- Directed by: Michael Pickle
- Written by: Michael Pickle
- Produced by: Robert Bravo; Steve Deering; Jeremy Lee Dickson; Wesley Johnson; Lania Kayell; James Rivera;
- Starring: Idris Veliu; David Howard Thornton; Angel Nichole Bradford;
- Cinematography: Joaquin Silva
- Edited by: Melanie Mayumi
- Music by: Will Love
- Production company: Horror Show Pictures
- Release date: 1 June 2026 (United States);
- Running time: 1 hour and 40 minutes
- Country: United States
- Language: English

= The Dead Place =

2026 American horror film

The Dead Place is a 2026 American supernatural horror film written and directed by Michael Pickle. The film stars Idris Veliu, David Howard Thornton, Bill Oberst Jr., and Lexi Graves. It is Thornton's first speaking film role; he had previously played the non-speaking character Art the Clown in the Terrifier franchise.

== Plot ==
Isaac Stecker (Idris Veliu), a troubled high school senior, is plagued by visions of the dead, which strains his family life and makes him an outcast at school.

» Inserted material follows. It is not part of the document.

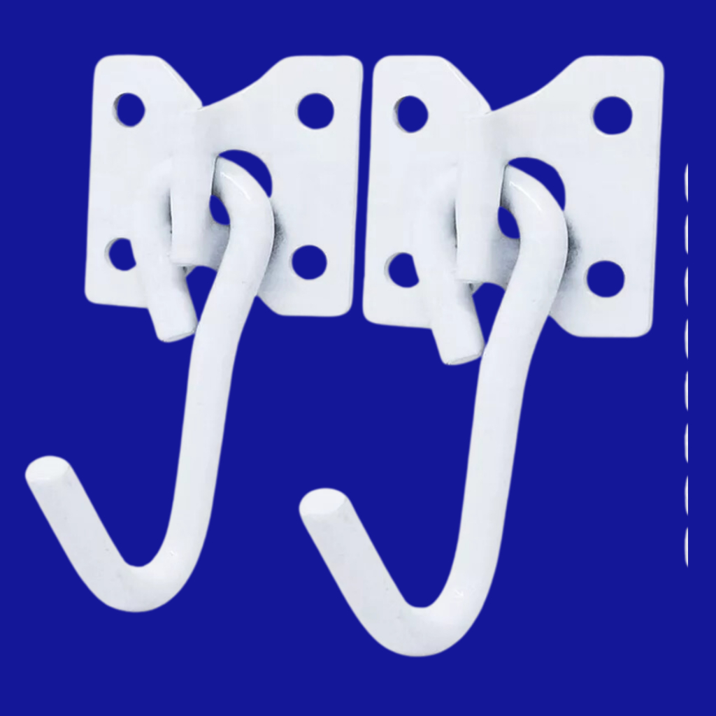 Par de gancho de rede reforçado para descanso. Kit com par de ganchos, parafusos e buchas perfeitos para a instalação. Suporta até 120kg. Alta resistência, pode ficar exposto a chuva que não enferruja. •• O Kit acompanha: • 2 Ganchos de Rede Brancos • 8 Parafusos Philips • 8 Buchas de 10mm para maior segurança • Material: Aço • Comprimento: 10cm • Tamanho da Chapa: 5,5cmx4,2cm

His close friend Katharine (Lexi Graves), who is fascinated by the paranormal, tries to help him understand his experiences. Following a family tragedy, a mysterious new student known only as "the New Kid" (David Howard Thornton) arrives and begins pushing Isaac toward a demonic entity (Bill Oberst Jr.) that seeks to possess him.

== Cast ==
- Idris Veliu as Isaac Stecker
- David Howard Thornton as the New Kid
- Bill Oberst Jr. as the demon
- Lexi Graves as Katharine
- Eliot as Dr. Brynne
- Angel Nichole Bradford
- Beatrice Boepple
- Suziey Block

== Production ==
Writer-director Michael Pickle made The Dead Place as his first feature film. The production was independently financed in part through a crowdfunding campaign on Indiegogo.

== Release ==
The film held a red-carpet theatrical premiere on June 10, 2026, at the Lumiere Cinema in Beverly Hills, California, with cast and crew in attendance. It began streaming exclusively on the BloodStreamTV service on June 1, 2026, ahead of the theatrical premiere, followed by a wider transactional video-on-demand release on August 5, 2026.

== Reception ==
Reviews of the film were generally mixed. Writing for ScreenAnarchy, a critic said the film turns what could have been a "bargain basement slasher" into something more substantive, describing Isaac's conflict with the New Kid as a metaphor for adolescent struggle. PopHorror's Alexandra Steele called it "a heartfelt indie horror project with admirable ambition" but felt its storytelling did not fully come together. Cinema Crazed praised Thornton's vocal performance but felt the film ran long and could have used tighter editing. Bloody Flicks was more critical, describing the film as suffering from "poor cinematography, stagnant pacing" and inconsistent acting.